The pretended ignorance of vegetarian photographer Jillian Lochner’s work offers a humorous touch that lingers in the mind a lot longer than a slap on the wrists.

When I asked this tiny heavyweight photographer, Jillian Lochner, how this idea was conceived, she explained that shooting without any preconceived ideas, but rather from a knowing that transcends structure, is what she enjoys most about her work and about this shoot in particular. Instinctively, together with set stylist, Kirsten Lipshitz, the day unfolded while each hour strung together the elements that produced this layered series of photographs, generously dipped in humour. Each image is framed in dark wood that makes up a crucifix shape of 8m by 6m.

This entire series was hand-printed by Bunny, who is a genius in his own right. He prints from his gut the same way I shoot from my gut, the same way Kirsten styles from her gut. I believe in good teamwork from beginning to end’
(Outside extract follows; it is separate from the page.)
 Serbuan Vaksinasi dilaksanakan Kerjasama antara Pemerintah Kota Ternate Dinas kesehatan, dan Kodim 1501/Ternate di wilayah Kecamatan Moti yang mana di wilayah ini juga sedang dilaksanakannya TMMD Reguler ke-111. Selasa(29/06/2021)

says Jillian. ‘My work very intentionally juxtaposes the crass and the horrific with the fragile and vulnerable. The juxtaposition is ironic and the aim is to awaken the viewer’s sensibility towards the subject matter’, she says. This initially personal project, was nominated for the Bret Kebbel award.
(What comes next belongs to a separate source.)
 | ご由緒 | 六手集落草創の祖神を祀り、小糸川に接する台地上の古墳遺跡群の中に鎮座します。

Jillian does not ‘babysit’ the viewer but rather encourages one to look beyond the one-dimensional image and to transpose and search for vibrations of thought which hold knowledge that is not available through the ordinary rate of thought vibration – hail Napoleon Hill – and to discover for oneself what is hidden in the images by devising a personal interpretation.
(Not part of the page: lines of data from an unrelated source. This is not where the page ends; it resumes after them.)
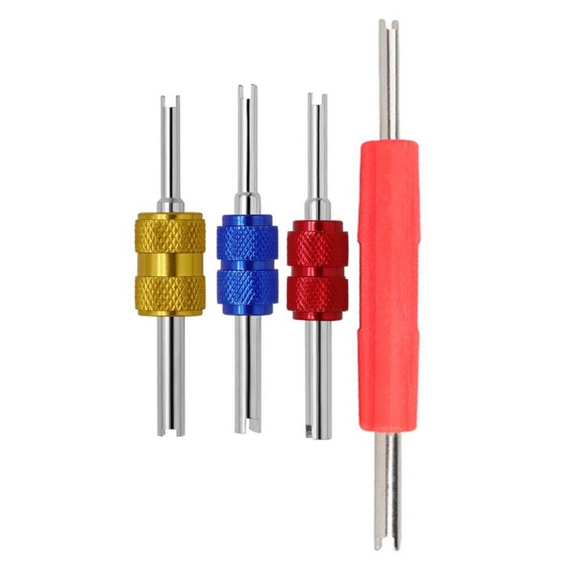 4Pcs Car Air Conditioner Valves Stem Cores Remover Wrench Double HVAC Valves Cores Removal Tool Set for Vehicles Truck
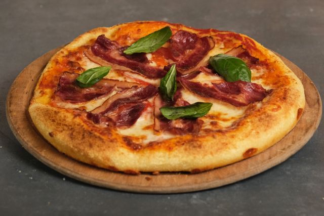 Pizza sos, dana füme, domates, fesleğen, parmesan
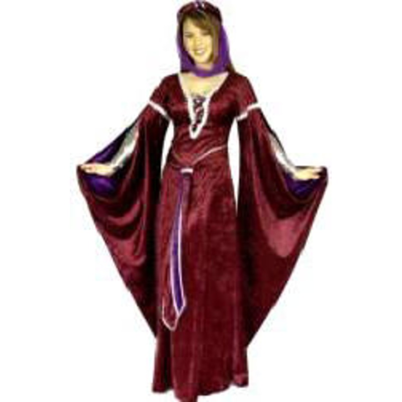 Very Good QualityIncludes: Panne Velvet gown with metallic trim & lame accent, matching renaissanceheadpiece & lame gloves.Color: Dark Wine/Purple, Evergreen/Wine, Purple/Wine, Black/PurpleSize: XS (3-5), S (5-7),M (8-10), L (11-13), XL (14-16)

She often uses dead animals in her work because ‘we have the same skin and blood, yet it is acceptable to do what we do to them, without punishment! I have come to realise that it is not only the images, but the strength of character behind the work that matters’, she adds. Jillian counts certain philosophers as her mentors and she believes that with their wisdom and insight she has grown enormously as a person, which is of the utmost importance to her work. As Nietzsche says: ‘What someone is, begins to be revealed when his talent abates, when he stops showing us what he can do.’